Per scrivere ha bisogno di isolarsi? 

“Ma no! Ricordo Giambattista Vico che scrisse la Scienza Nuova in un tugurio con i bambini attaccati alle gambe. Non ho bisogno di nulla se non della mia energia, quando c’è attorno a me può infuriare anche la tempesta”. 

E come scrive? D’impulso, rileggendosi subito, tornando sulle frasi?

“Scrivo a mano e vado come una freccia perché non ho distrazioni e non ho la tentazione di fermarmi e correggere. La scrittura a mano ha una sua fisicità, come quando corri o nuoti, dopo un po’ rompi il fiato”.

Nel libro scrive i trans, plurale maschile. Non è politicamente scorretto?

“Forse, ma in galera si dice così. Avrei dovuto scrivere “le persone transessuali”? Sono sensibile ai temi di genere nella realtà sociale, ma trovo ipocrita risolverli in chiave del linguaggio, come se fosse il linguaggio a comandare la realtà e non la realtà il linguaggio. La lingua non si impone per legge”.

Che cosa pensa dello schwa? 

“Per gli usi burocratici va benissimo. Però se ho qualcosa di scritto devo anche essere in grado di leggerlo a voce alta. Viene prima la voce e poi la scrittura. Il linguaggio naturale e quello letterario potranno pure infastidire, ma pazienza, non sono mica fatti per coccolare. Se no andrebbe censurato il 90 per cento della letteratura”.

Cosa che in parte sta accadendo...

“La cancel culture è espressione di movimenti neopuritani, mentre la letteratura è il regno del desiderio e della libertà e dunque anche del rischio. Che qualcuno possa offendersi leggendo un libro è un segno di vitalità. Immaginiamo una letteratura del tutto inoffensiva: che orrore! Gli unici problemi per un artista sono di natura artistica. Essere un pessimo artista, un pessimo scrittore, questo sì che è offensivo”. 

Lo scrittore è apolitico?

“Non in quanto cittadino, ma in quanto scrittore è impolitico. Io quando scrivo non voglio essere il paladino di niente. Perché se vuoi fare il paladino, fai un’azione politica”. 
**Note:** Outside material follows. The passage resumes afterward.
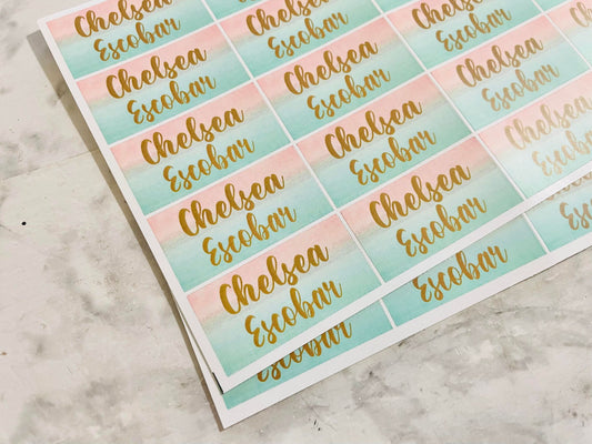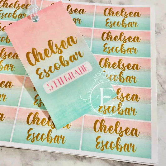 Gradient Pink and Aqua School Supplies Labels & Backpack Tag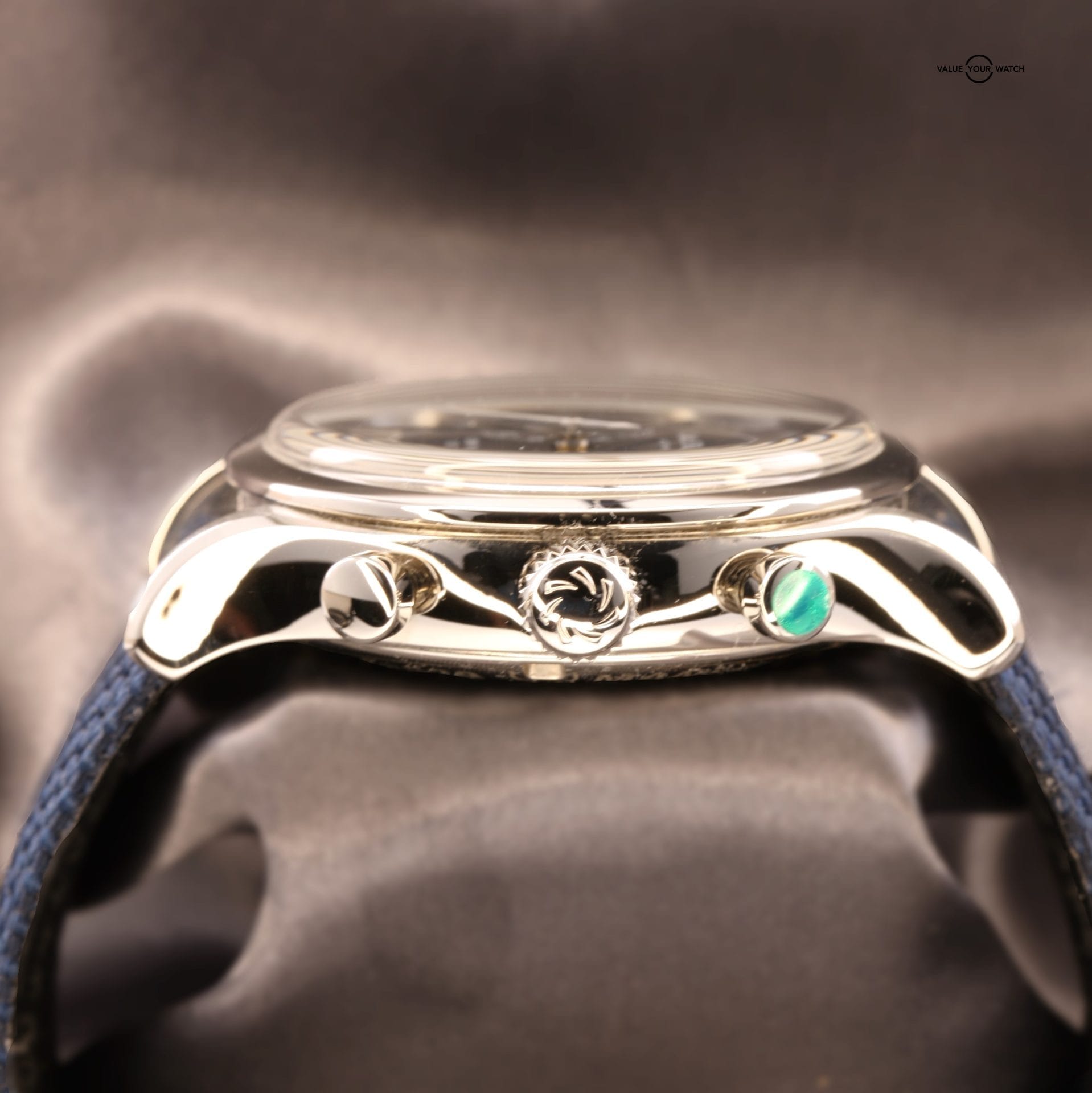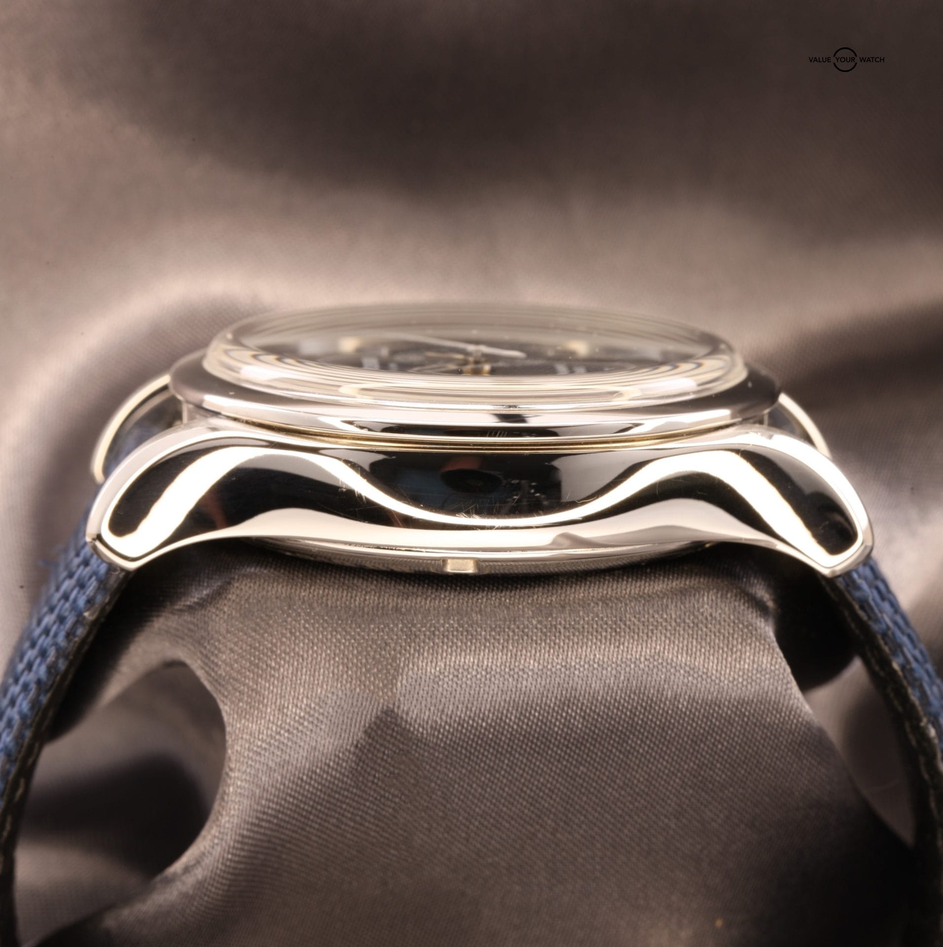 This timepiece is presented in excellent, preowned condition. It comes triple boxed with a travel case and manual. The strap has some minor signs of wear.

È sicuro? In Cronistoria di un pensiero infame ha parlato di immigrazione. E non è stato l’unico caso...

“Certo, ma l’ho fatto solo per chiarire un po’ di cose, diciamo, per un puntiglio illuminista. Adesso, per esempio, qualcuno invoca il blocco navale contro l’immigrazione, ma sapete cosa significa, nella pratica? Che se una barca prova ad aggirare il blocco va speronata e affondata. In mare funziona così, in mare non ci sono strade segnate. Dunque, questa mia sarebbe una posizione ideologica? Non credo”.